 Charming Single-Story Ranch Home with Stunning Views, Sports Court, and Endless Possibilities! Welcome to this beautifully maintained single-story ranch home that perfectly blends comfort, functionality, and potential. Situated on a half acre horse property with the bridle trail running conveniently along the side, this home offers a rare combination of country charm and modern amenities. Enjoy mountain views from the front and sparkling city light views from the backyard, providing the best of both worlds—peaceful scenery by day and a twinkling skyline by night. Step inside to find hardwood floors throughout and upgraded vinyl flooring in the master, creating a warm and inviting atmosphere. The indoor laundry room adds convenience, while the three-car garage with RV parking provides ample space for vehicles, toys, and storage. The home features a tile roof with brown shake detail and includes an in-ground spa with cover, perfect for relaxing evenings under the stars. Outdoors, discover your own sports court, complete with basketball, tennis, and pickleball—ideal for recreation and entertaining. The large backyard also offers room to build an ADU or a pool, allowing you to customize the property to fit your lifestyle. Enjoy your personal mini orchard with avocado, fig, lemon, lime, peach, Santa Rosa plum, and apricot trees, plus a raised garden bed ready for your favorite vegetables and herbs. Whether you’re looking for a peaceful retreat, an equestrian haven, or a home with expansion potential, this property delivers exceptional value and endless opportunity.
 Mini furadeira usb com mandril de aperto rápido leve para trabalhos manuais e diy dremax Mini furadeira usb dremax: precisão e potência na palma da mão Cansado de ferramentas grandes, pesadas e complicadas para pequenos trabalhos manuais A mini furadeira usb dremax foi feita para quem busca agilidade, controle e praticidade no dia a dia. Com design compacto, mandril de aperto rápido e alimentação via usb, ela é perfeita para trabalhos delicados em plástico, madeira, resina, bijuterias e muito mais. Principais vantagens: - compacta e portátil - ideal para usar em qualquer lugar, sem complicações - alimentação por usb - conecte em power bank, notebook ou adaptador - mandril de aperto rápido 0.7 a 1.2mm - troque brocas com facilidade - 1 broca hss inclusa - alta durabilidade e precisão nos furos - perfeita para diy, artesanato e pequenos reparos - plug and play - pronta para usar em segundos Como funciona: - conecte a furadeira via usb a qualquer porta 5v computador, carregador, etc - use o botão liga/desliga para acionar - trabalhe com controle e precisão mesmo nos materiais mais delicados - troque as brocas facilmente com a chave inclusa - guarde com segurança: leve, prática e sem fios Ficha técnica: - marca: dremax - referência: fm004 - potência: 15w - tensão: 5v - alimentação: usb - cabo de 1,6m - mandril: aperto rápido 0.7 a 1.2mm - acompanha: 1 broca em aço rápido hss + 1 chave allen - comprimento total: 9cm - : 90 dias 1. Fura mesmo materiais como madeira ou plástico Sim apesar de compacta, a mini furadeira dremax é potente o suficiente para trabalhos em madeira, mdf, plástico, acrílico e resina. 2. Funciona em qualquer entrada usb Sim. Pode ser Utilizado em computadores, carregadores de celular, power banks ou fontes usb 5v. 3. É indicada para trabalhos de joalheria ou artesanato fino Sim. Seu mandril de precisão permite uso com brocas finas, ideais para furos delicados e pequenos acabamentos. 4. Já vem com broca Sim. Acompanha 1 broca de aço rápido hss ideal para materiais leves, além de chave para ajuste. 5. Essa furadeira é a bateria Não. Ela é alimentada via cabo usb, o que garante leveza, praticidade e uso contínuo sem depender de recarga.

---

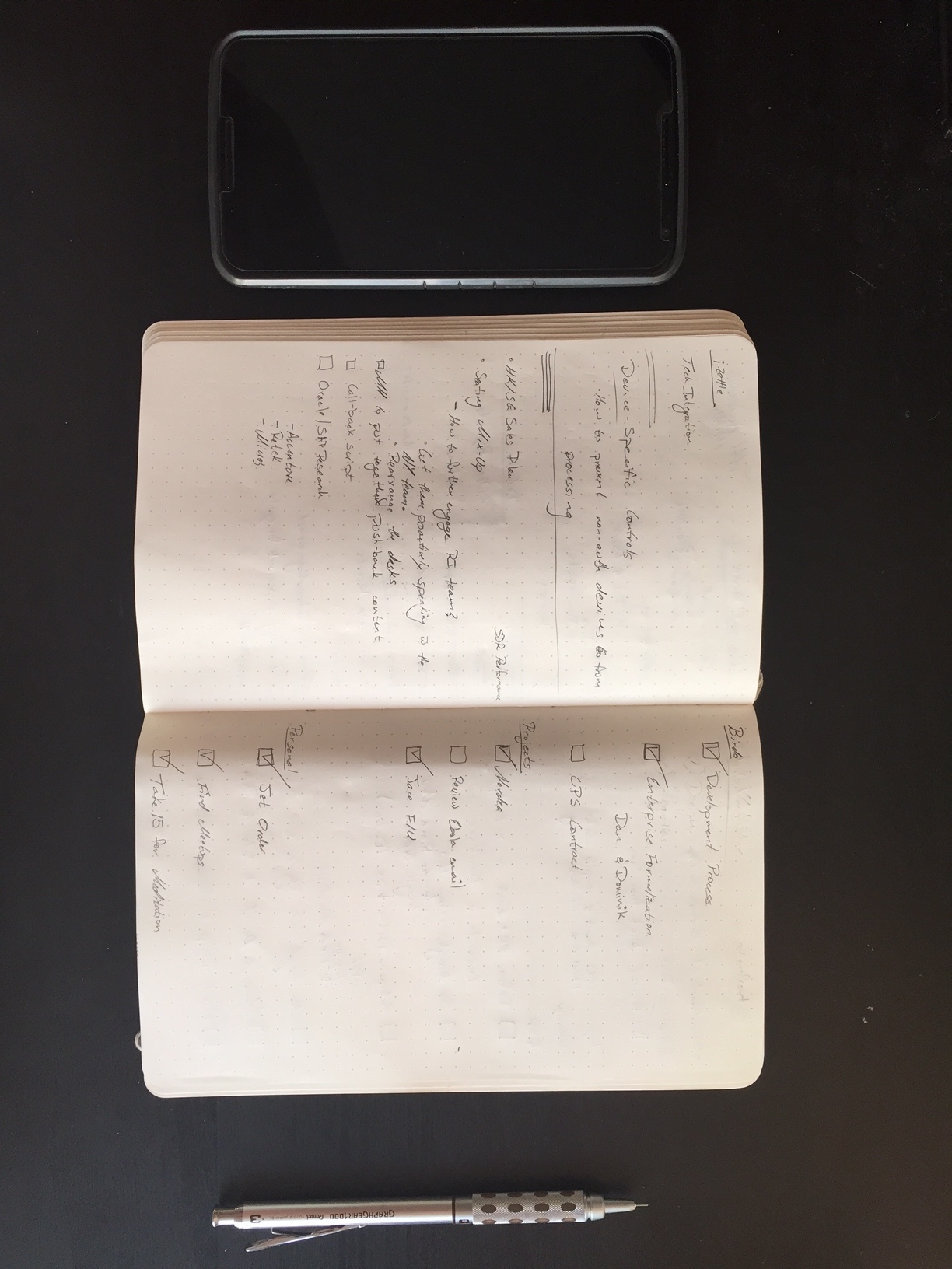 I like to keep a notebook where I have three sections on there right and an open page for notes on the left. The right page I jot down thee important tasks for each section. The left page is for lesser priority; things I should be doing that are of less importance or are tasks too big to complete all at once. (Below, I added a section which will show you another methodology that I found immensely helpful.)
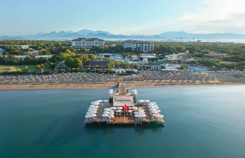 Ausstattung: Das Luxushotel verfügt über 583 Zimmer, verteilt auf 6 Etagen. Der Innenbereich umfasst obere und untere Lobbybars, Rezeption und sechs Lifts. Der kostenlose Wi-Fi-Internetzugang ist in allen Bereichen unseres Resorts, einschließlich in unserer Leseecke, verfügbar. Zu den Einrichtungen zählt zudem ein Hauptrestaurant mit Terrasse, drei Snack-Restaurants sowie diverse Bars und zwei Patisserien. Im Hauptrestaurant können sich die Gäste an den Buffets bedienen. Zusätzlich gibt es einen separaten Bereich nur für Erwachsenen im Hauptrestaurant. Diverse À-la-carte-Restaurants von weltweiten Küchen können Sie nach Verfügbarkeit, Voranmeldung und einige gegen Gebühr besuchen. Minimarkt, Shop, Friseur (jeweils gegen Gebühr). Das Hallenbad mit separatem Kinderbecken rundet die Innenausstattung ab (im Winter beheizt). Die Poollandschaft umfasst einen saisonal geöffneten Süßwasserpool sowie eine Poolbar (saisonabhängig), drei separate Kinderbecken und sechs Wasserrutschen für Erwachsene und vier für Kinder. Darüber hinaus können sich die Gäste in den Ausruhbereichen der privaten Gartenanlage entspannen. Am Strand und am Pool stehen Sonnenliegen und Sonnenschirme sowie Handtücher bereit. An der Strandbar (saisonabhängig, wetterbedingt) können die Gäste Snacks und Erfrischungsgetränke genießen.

• What to produce
Nothing outside the stretch above, from the line with "I like to keep" through the line with "Ausstattung: Das Luxushotel", is set down. Transcribe that stretch exactly, ends included, but not its pictures.

• Answer to the problem
 I like to keep a notebook where I have three sections on there right and an open page for notes on the left. The right page I jot down thee important tasks for each section. The left page is for lesser priority; things I should be doing that are of less importance or are tasks too big to complete all at once. (Below, I added a section which will show you another methodology that I found immensely helpful.)
 Ausstattung: Das Luxushotel verfügt über 583 Zimmer, verteilt auf 6 Etagen. Der Innenbereich umfasst obere und untere Lobbybars, Rezeption und sechs Lifts. Der kostenlose Wi-Fi-Internetzugang ist in allen Bereichen unseres Resorts, einschließlich in unserer Leseecke, verfügbar. Zu den Einrichtungen zählt zudem ein Hauptrestaurant mit Terrasse, drei Snack-Restaurants sowie diverse Bars und zwei Patisserien. Im Hauptrestaurant können sich die Gäste an den Buffets bedienen. Zusätzlich gibt es einen separaten Bereich nur für Erwachsenen im Hauptrestaurant. Diverse À-la-carte-Restaurants von weltweiten Küchen können Sie nach Verfügbarkeit, Voranmeldung und einige gegen Gebühr besuchen. Minimarkt, Shop, Friseur (jeweils gegen Gebühr). Das Hallenbad mit separatem Kinderbecken rundet die Innenausstattung ab (im Winter beheizt). Die Poollandschaft umfasst einen saisonal geöffneten Süßwasserpool sowie eine Poolbar (saisonabhängig), drei separate Kinderbecken und sechs Wasserrutschen für Erwachsene und vier für Kinder. Darüber hinaus können sich die Gäste in den Ausruhbereichen der privaten Gartenanlage entspannen. Am Strand und am Pool stehen Sonnenliegen und Sonnenschirme sowie Handtücher bereit. An der Strandbar (saisonabhängig, wetterbedingt) können die Gäste Snacks und Erfrischungsgetränke genießen.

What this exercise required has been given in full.